Until quite recently, indeed (as such things go), the whole world was a wilderness in which mankind lived as cannily as deer, overmastering with spears or snares even their woodsmanship and that of other creatures, finding a path wherever wildlife could go. Nature was the central theater of life for everybody’s ancestors, not a hideaway where people went to rest and recharge after a hard stint in an urban or suburban arena. Many of us still do hike, swim, fish, birdwatch, sleep on the ground or paddle a boat on vacation, and will loll like a lizard in the sun any other chance we have. We can’t help grinning for at least a moment at the sight of surf, or sunlight on a river meadow, as if remembering in our mind’s eye paleolithic pleasures in a home before memories officially began.
It is a thoughtless grin because nature predates “thought.” Aristotle was a naturalist, and nearer to our own time, Darwin made of the close observation of bits of nature a lever to examine life in many ways on a large scale. Yet nature writing, despite its basis in science, usually rings with rhapsody as well—a belief that nature is an expression of God.
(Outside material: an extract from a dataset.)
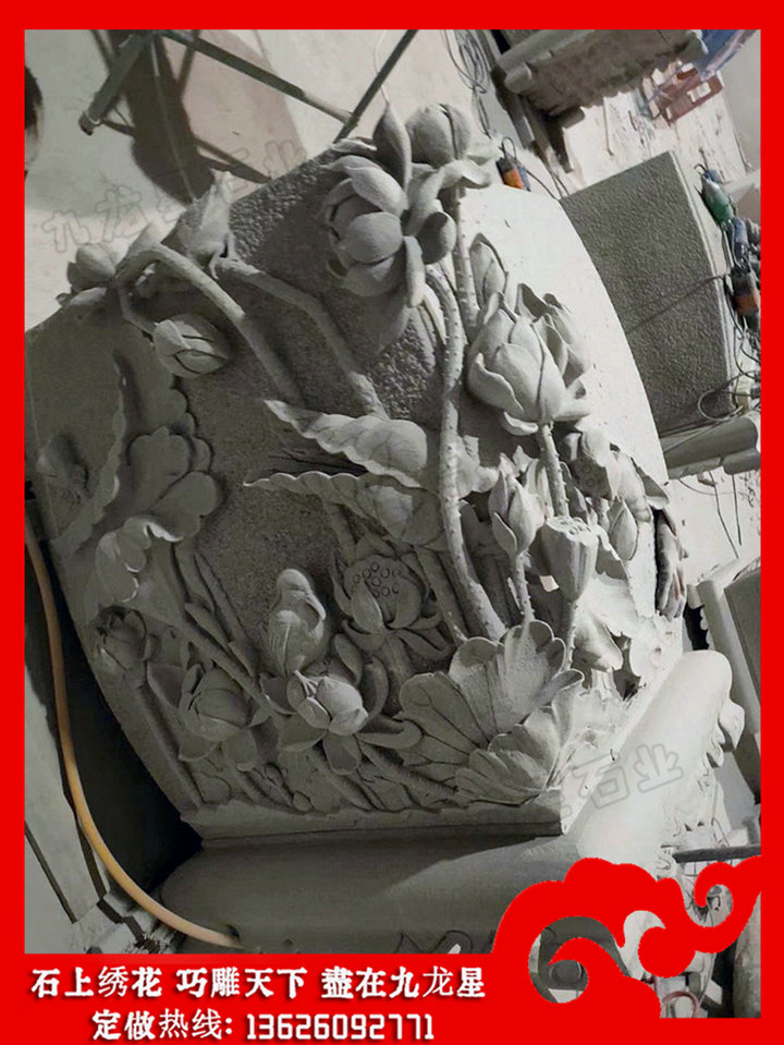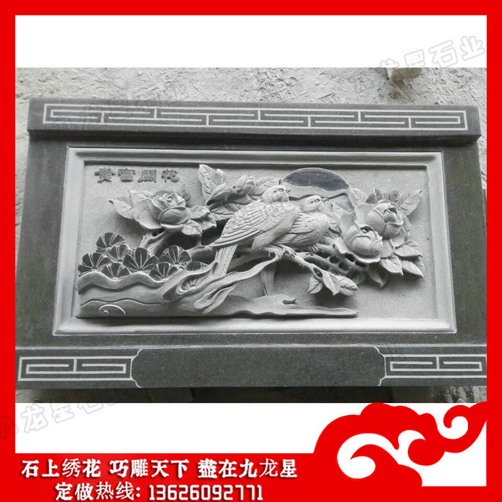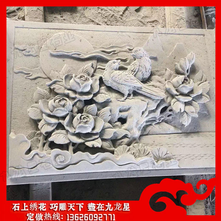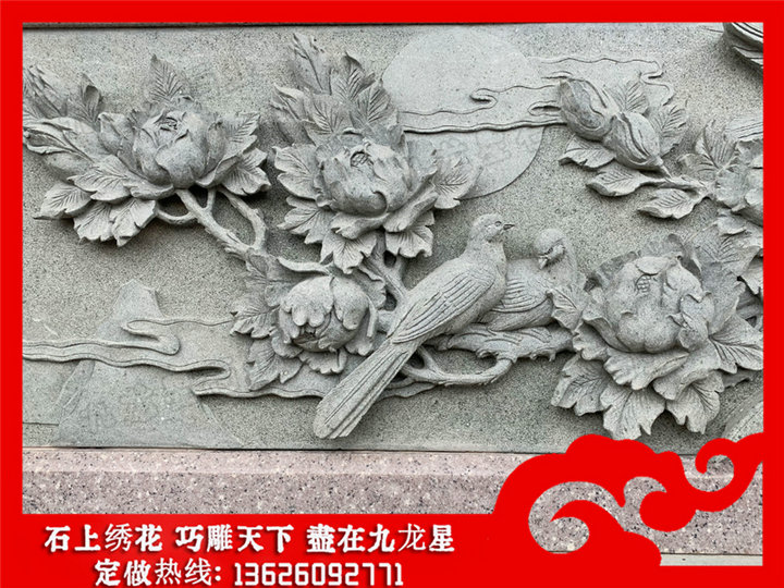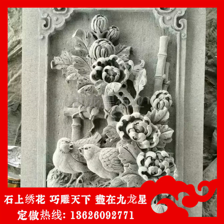 青石浮雕花開富貴圖片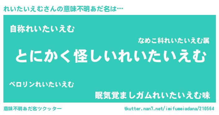 | ヘコむあだ名 | 『れい太郎』『れいにゅー』『豆乳』 |

In this series we are presenting some nature writers of the past century or so, though leaving out great novelists like Turgenev, Melville, Conrad, and Faulkner, who were masters of natural description, and poets, beginning with Homer (who was perhaps the first nature writer, once his words had been transcribed). Nature writing now combines rhapsody with science and connects science with rhapsody, and for that reason it is a very special and a nourishing genre.